╭─ DATASET

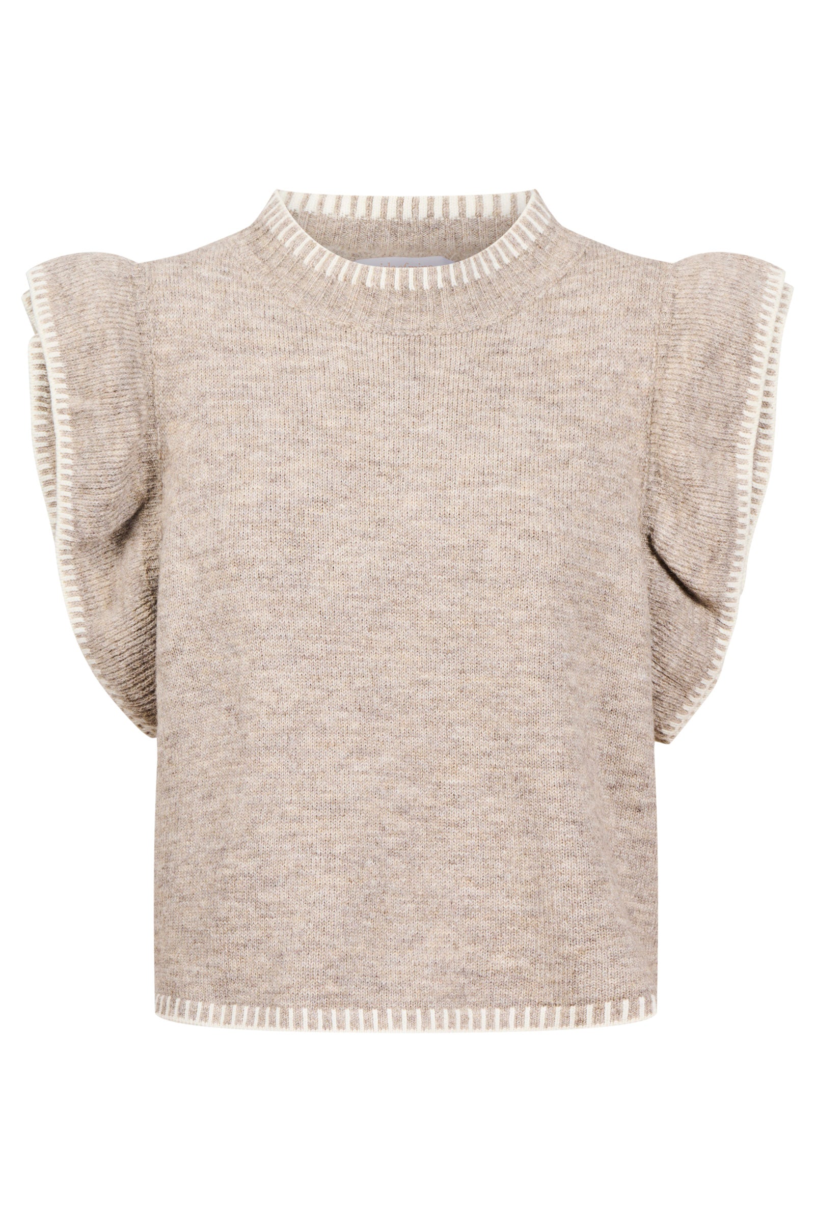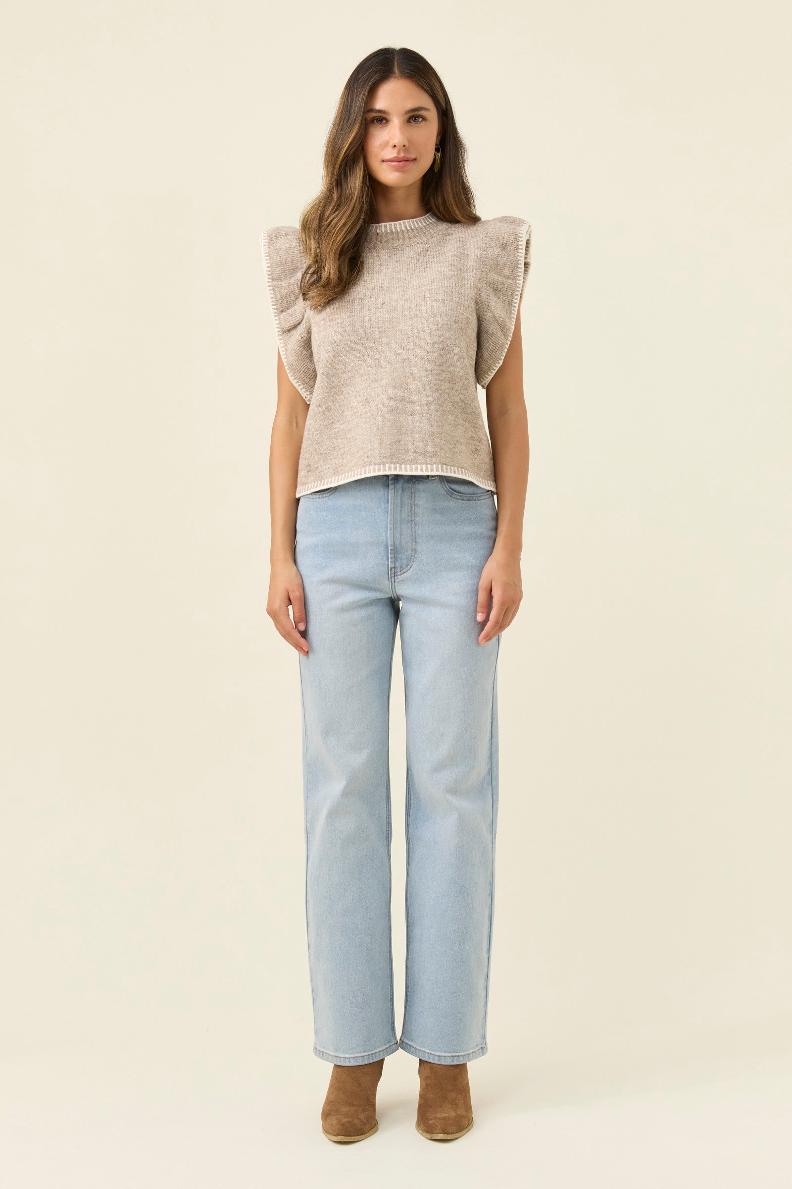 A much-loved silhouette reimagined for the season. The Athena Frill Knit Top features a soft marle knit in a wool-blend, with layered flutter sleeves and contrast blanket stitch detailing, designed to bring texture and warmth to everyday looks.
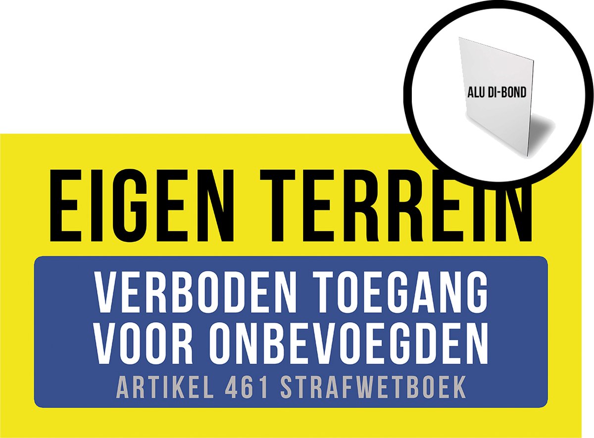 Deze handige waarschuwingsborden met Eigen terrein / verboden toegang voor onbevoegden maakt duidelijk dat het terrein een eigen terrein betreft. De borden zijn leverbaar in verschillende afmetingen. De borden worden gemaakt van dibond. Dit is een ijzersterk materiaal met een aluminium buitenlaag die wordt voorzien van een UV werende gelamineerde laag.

╰─
╭─ DATASET

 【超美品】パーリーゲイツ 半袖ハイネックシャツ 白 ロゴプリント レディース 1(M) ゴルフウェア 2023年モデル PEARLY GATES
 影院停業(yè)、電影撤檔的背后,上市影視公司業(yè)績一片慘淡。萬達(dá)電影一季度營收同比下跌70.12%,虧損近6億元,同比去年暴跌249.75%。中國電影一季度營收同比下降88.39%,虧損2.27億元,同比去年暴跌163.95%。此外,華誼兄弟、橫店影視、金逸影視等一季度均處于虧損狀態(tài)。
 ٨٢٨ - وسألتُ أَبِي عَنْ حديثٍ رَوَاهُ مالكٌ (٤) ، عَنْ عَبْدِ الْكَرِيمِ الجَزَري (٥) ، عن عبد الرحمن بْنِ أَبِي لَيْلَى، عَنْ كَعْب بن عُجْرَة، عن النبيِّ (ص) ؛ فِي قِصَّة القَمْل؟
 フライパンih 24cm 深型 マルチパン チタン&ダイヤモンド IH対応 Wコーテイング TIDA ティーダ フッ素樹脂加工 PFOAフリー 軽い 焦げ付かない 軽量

╰─

* THE TASK:
Of the records above, print only the lines from the one containing "A much-loved silhouette" through the one containing "Deze handige waarschuwingsborden", inclusive and unaltered, leaving out pictures.

* YOUR SOLUTION:
 A much-loved silhouette reimagined for the season. The Athena Frill Knit Top features a soft marle knit in a wool-blend, with layered flutter sleeves and contrast blanket stitch detailing, designed to bring texture and warmth to everyday looks.
 Deze handige waarschuwingsborden met Eigen terrein / verboden toegang voor onbevoegden maakt duidelijk dat het terrein een eigen terrein betreft. De borden zijn leverbaar in verschillende afmetingen. De borden worden gemaakt van dibond. Dit is een ijzersterk materiaal met een aluminium buitenlaag die wordt voorzien van een UV werende gelamineerde laag.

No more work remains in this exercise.